6. Draai de duimschroef van de focusring aan.
Een analoge monitor aansluiten om camerafuncties
in te stellen
Sluit een standaard videomonitor aan op het systeem om de kwaliteit
van het videobeeld aan te passen met de DIP-schakelaars. De DIP-
schakelaars kunnen ook worden aangepast wanneer er een verbinding
is met het IP-systeem.
Een videomonitor aansluiten:
1. Steek de monitoruitgangskabel in de
videomonitoruitgangsconnector (zie Afbeelding 1 pagina 3).
2. Sluit de BNC-kabel aan op de videomonitor.
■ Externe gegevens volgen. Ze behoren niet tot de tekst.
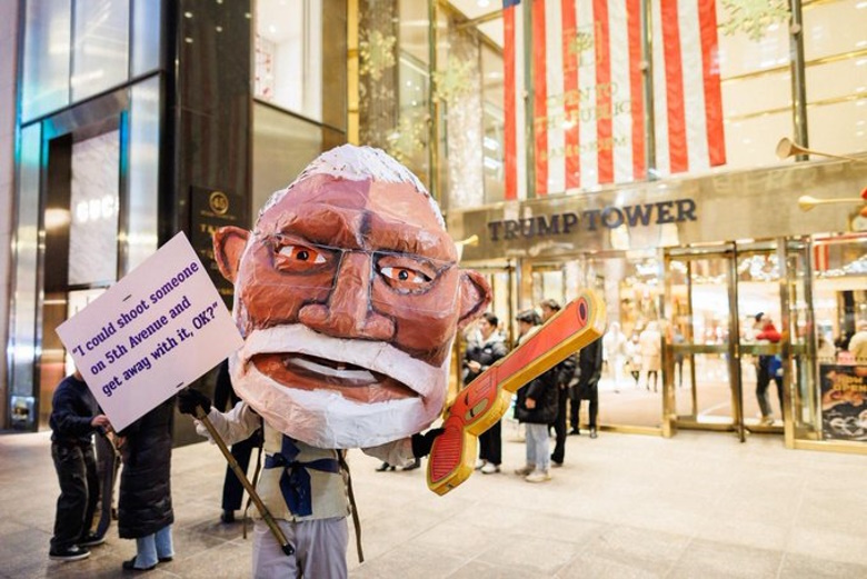 ഫിഫ്ത്ത് അവന്യൂവിലൂടെ, ഇന്ത്യൻ പ്രധാനമന്ത്രി നരേന്ദ്ര മോദിയുമായി സാമ്യമുള്ള ഒരു ഭീമാകാരമായ പാവ ഒരു കൺവേർട്ടിബിളിൽ കയറി, “എനിക്ക് ഫിഫ്ത്ത് അവന്യൂവിൽ ഒരാളെ വെടിവെച്ച് രക്ഷപ്പെടാം, ശരി?”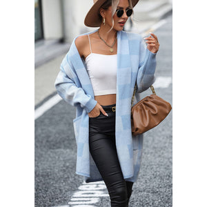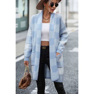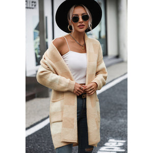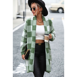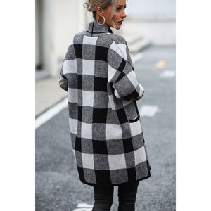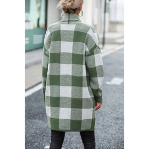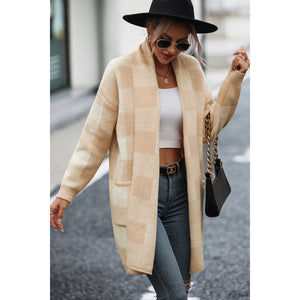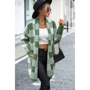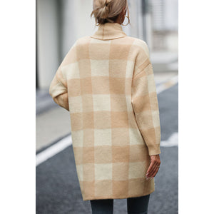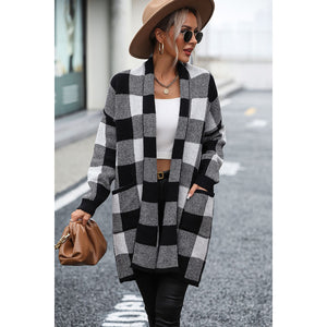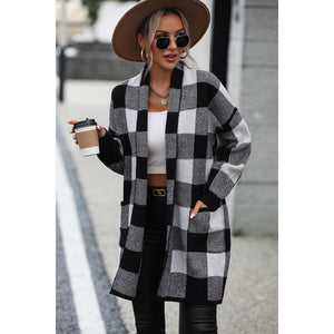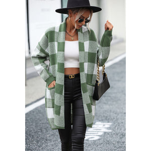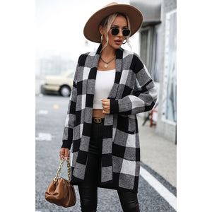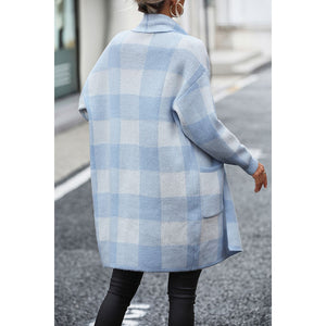 Plaid Dropped Shoulder Cardigan with Pocket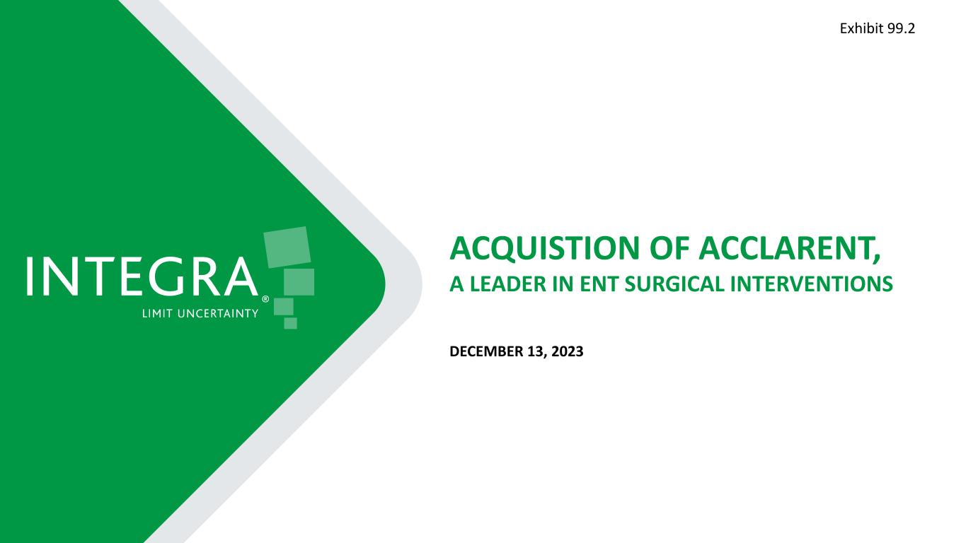 ACQUISTION OF ACCLARENT, A LEADER IN ENT SURGICAL INTERVENTIONS DECEMBER 13, 2023 Exhibit 99.2

3. Stel de DIP-schakelaars in op de gewenste stand.
Camerafuncties instellen
U kunt maximaal zes camerafuncties instellen met de reeks DIP-
schakelaars aan de achterzijde van de camera. Afbeelding 6 op pagina
10 toont de indeling van de DIP-schakelaars.
Witbalans (WB)
White balance (Witbalans) vertelt de camera hoe de kleur wit eruit ziet.
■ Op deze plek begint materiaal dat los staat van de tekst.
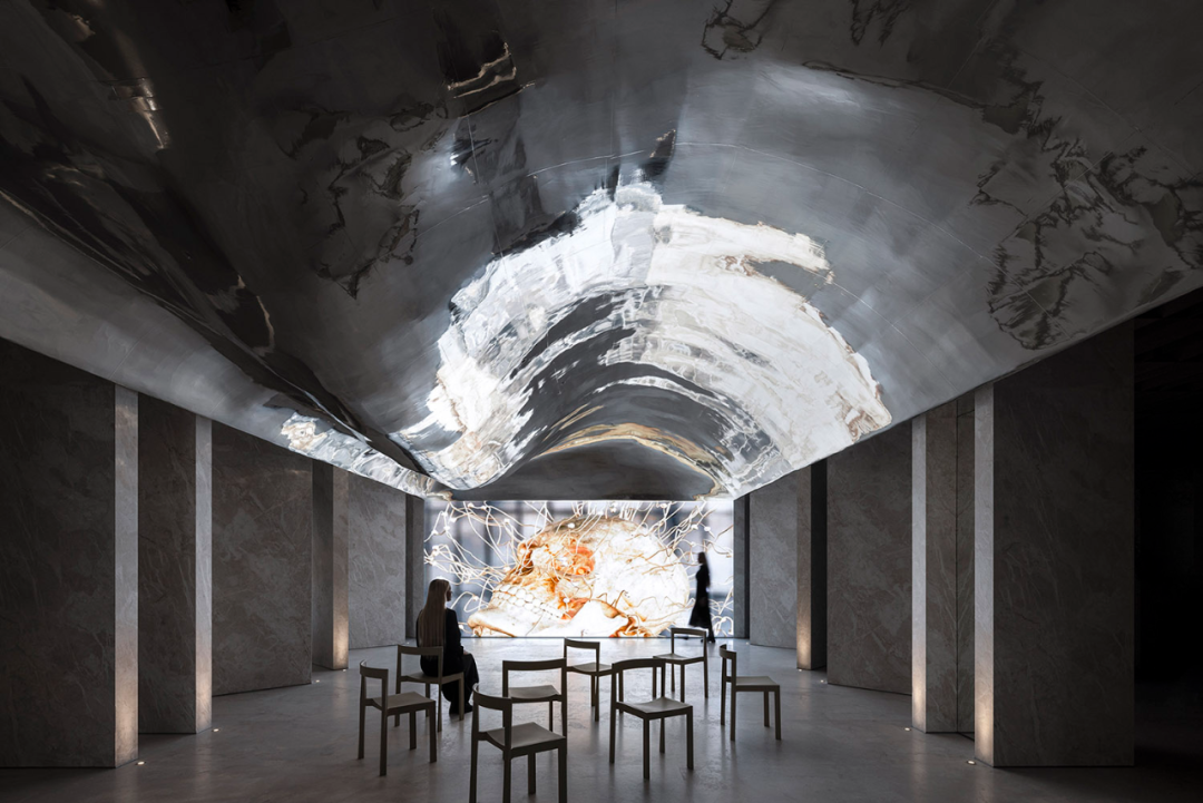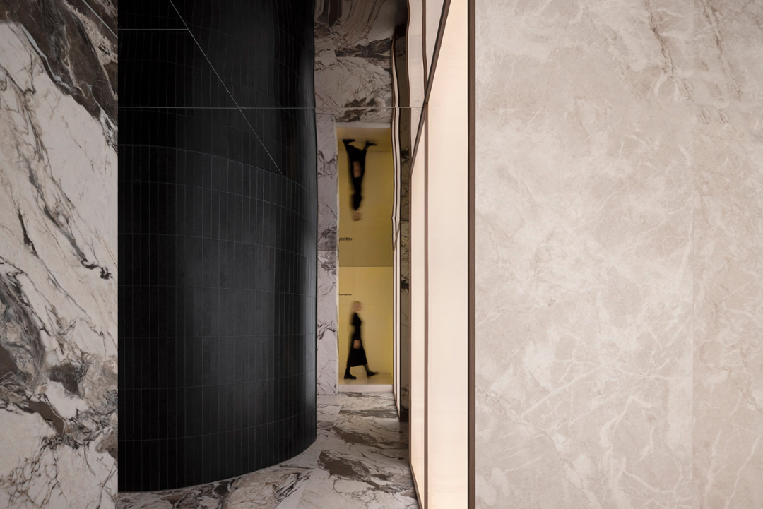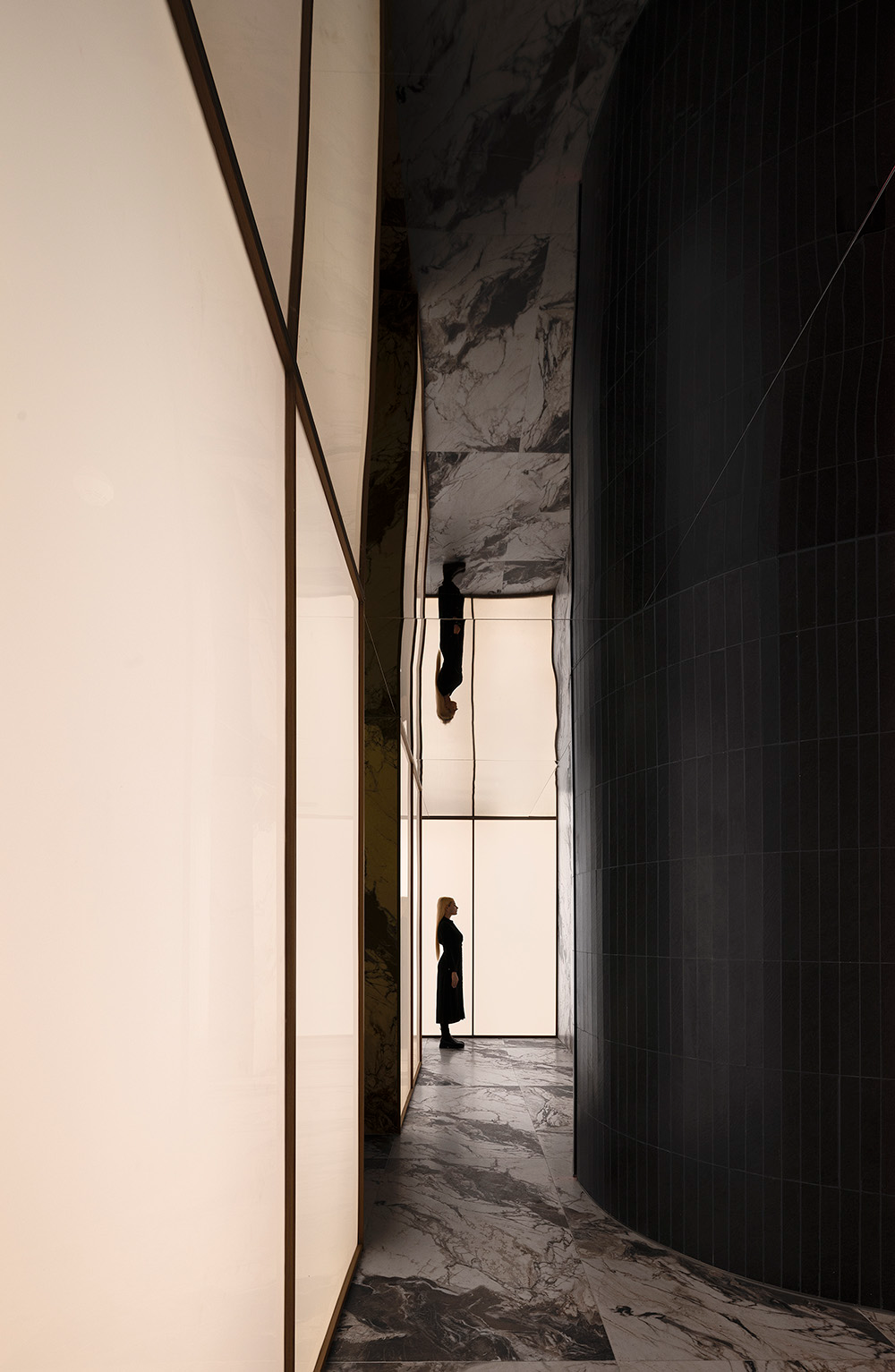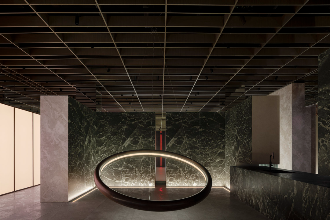 The enclosed space with green marble pattern is not only a display area for the product, but also a supporting water bar for the salon. It emphasizes the visual sense in the experience while also emphasizing the integration of functionality. At the same time, the futuristic spatial sense and feeling are another core of the design.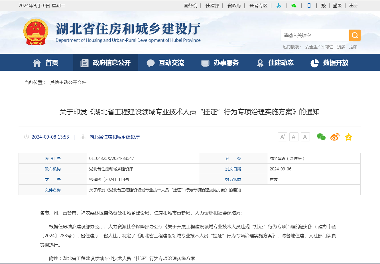 關于印發(fā)《湖北省工程建設領域專業(yè)技術人員“掛證”行為專項治理實施方案》的通知

Op basis van deze informatie geeft de camera vervolgens alle kleuren
correct weer.
Er zijn twee methoden om de witbalans te bepalen:
•
ATW (auto tracking white balance: witbalans automatisch
traceren). De gebruikte waarde is afhankelijk van de geselecteerde
lichtconditie. Het zorgt voor een betrouwbare kleurenreproductie
wanneer lichtomstandigheden regelmatig veranderen.
•
PTL (push-to-lock white balance: drukken voor vergrendelen
witbalans). Witbalans wordt vastgezet op het moment dat de
DIP-schakelaar in de stand ON wordt gezet.
Tegenlichtcompensatie (BLC)
De tegenlichtcompensatiefunctie verbetert de beeldkwaliteit wanneer
het licht in de achtergrond fel is. Hiermee wordt voorkomen dat het
object in het midden te donker is weergegeven.